Prompt — With the pictures left out, restate exactly the part below that opens with the line containing "KG케미칼은 20년 8월" and closes with the line containing "ТЕХНОЛОГИЧЕСКАЯ КАРТА УРОКА".

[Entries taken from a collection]
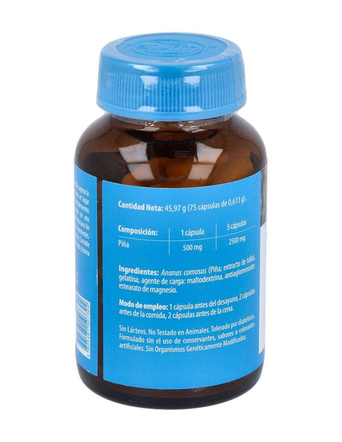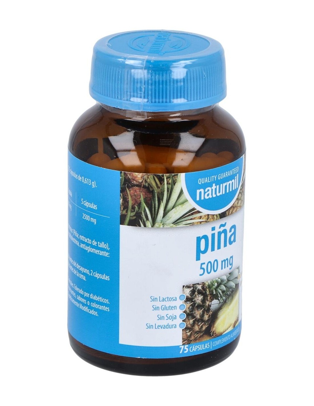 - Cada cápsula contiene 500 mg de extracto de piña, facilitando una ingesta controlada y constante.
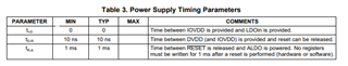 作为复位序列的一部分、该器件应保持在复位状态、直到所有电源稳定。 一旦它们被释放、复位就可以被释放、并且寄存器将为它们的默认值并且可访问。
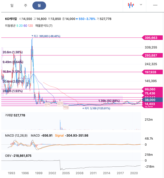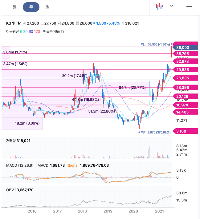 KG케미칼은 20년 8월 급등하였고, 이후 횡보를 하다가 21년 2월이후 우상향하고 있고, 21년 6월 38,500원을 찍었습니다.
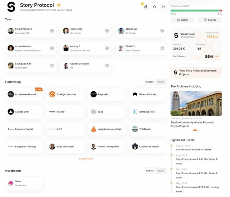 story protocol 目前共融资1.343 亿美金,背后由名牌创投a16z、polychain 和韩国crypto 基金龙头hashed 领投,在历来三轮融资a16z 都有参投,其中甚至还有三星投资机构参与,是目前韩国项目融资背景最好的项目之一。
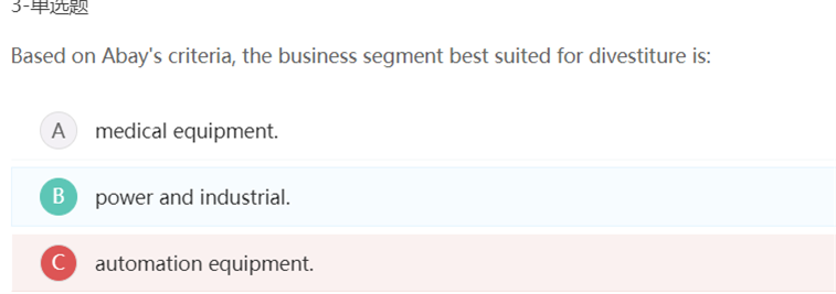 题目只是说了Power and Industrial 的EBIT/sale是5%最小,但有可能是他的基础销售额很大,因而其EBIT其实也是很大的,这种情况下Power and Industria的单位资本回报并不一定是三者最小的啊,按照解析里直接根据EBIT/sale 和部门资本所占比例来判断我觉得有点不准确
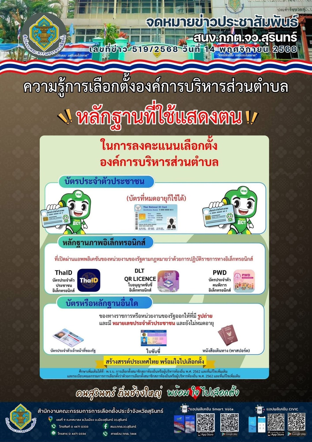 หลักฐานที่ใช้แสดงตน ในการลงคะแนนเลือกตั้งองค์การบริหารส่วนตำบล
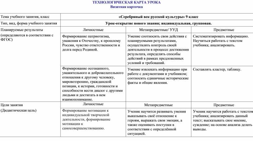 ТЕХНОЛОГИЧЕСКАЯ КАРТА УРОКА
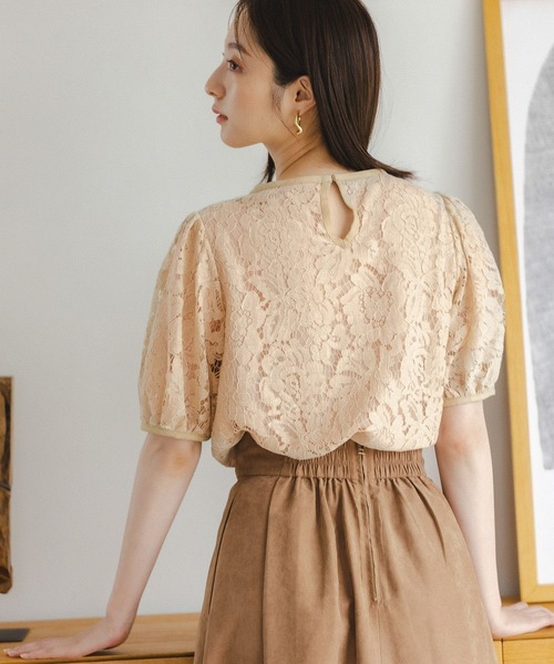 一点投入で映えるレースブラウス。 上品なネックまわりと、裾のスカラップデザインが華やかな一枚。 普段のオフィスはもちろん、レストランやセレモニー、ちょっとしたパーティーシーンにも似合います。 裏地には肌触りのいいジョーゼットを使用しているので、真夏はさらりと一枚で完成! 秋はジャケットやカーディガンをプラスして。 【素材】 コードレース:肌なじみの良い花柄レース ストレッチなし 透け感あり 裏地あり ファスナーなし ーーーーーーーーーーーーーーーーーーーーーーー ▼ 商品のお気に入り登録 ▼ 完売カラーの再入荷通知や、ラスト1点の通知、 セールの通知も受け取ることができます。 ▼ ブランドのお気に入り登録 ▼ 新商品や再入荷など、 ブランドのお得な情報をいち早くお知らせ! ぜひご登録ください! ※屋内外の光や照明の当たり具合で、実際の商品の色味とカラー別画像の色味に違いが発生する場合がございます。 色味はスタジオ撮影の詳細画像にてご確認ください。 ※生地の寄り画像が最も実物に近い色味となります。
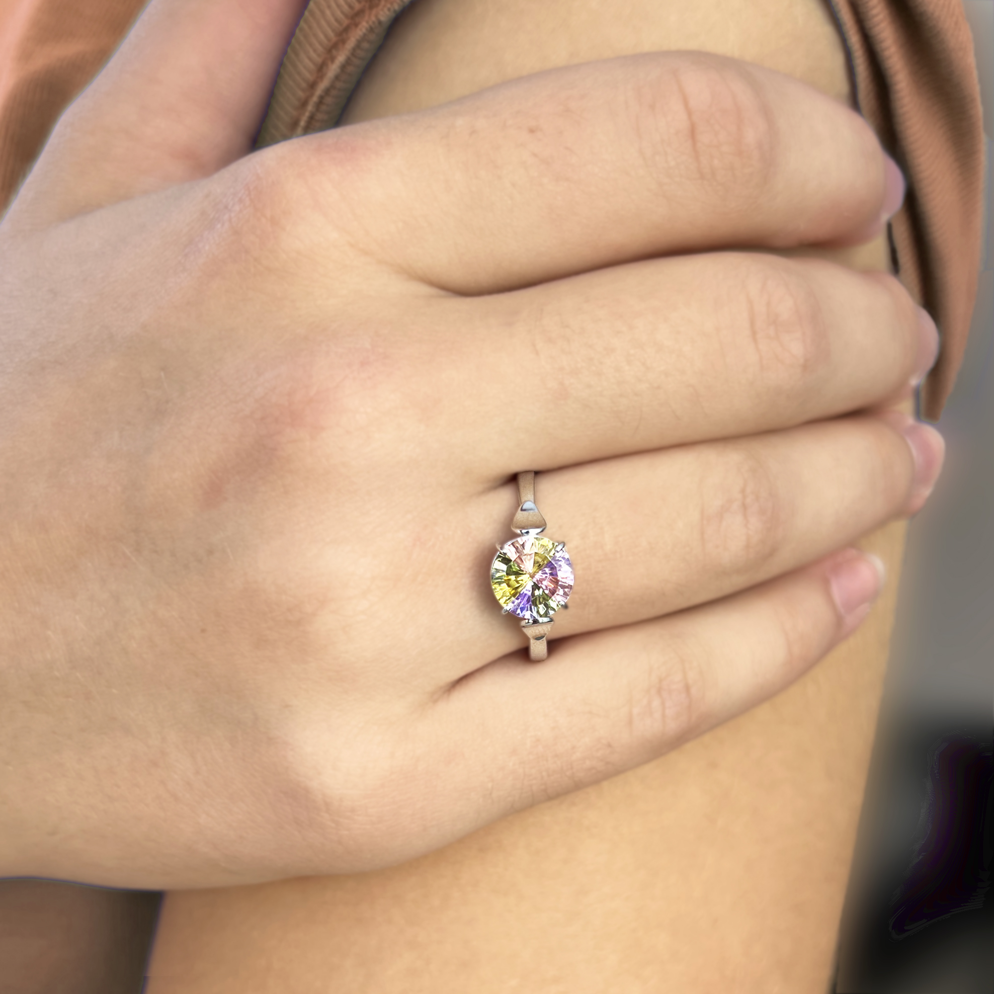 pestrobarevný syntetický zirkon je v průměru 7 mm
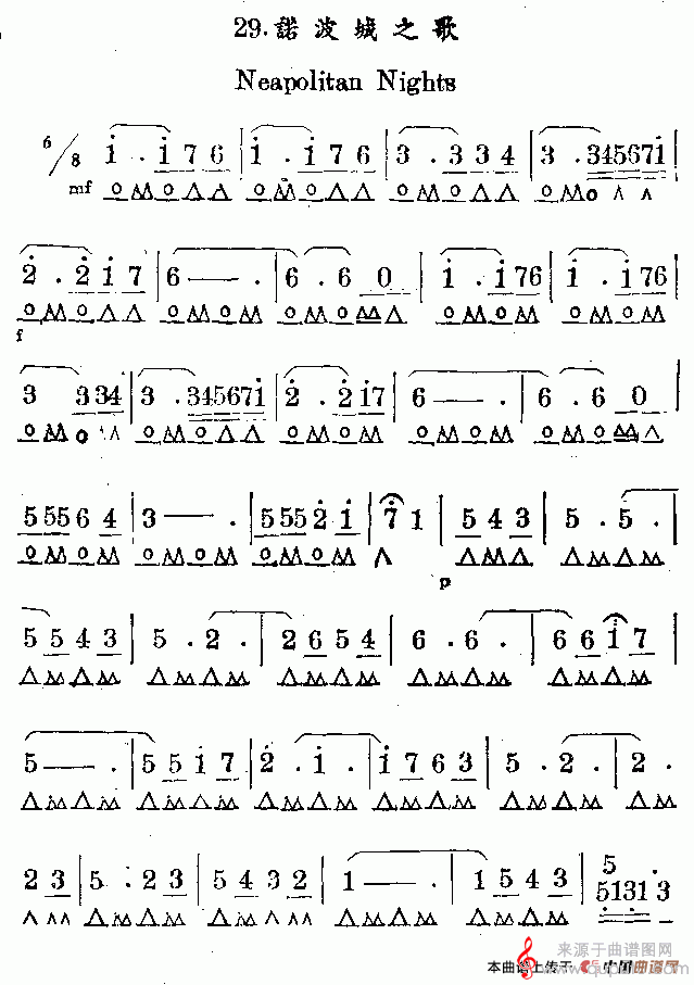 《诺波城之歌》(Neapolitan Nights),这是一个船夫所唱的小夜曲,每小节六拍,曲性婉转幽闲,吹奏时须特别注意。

Solution for this task —
 KG케미칼은 20년 8월 급등하였고, 이후 횡보를 하다가 21년 2월이후 우상향하고 있고, 21년 6월 38,500원을 찍었습니다.
 story protocol 目前共融资1.343 亿美金,背后由名牌创投a16z、polychain 和韩国crypto 基金龙头hashed 领投,在历来三轮融资a16z 都有参投,其中甚至还有三星投资机构参与,是目前韩国项目融资背景最好的项目之一。
 题目只是说了Power and Industrial 的EBIT/sale是5%最小,但有可能是他的基础销售额很大,因而其EBIT其实也是很大的,这种情况下Power and Industria的单位资本回报并不一定是三者最小的啊,按照解析里直接根据EBIT/sale 和部门资本所占比例来判断我觉得有点不准确
 หลักฐานที่ใช้แสดงตน ในการลงคะแนนเลือกตั้งองค์การบริหารส่วนตำบล
 ТЕХНОЛОГИЧЕСКАЯ КАРТА УРОКА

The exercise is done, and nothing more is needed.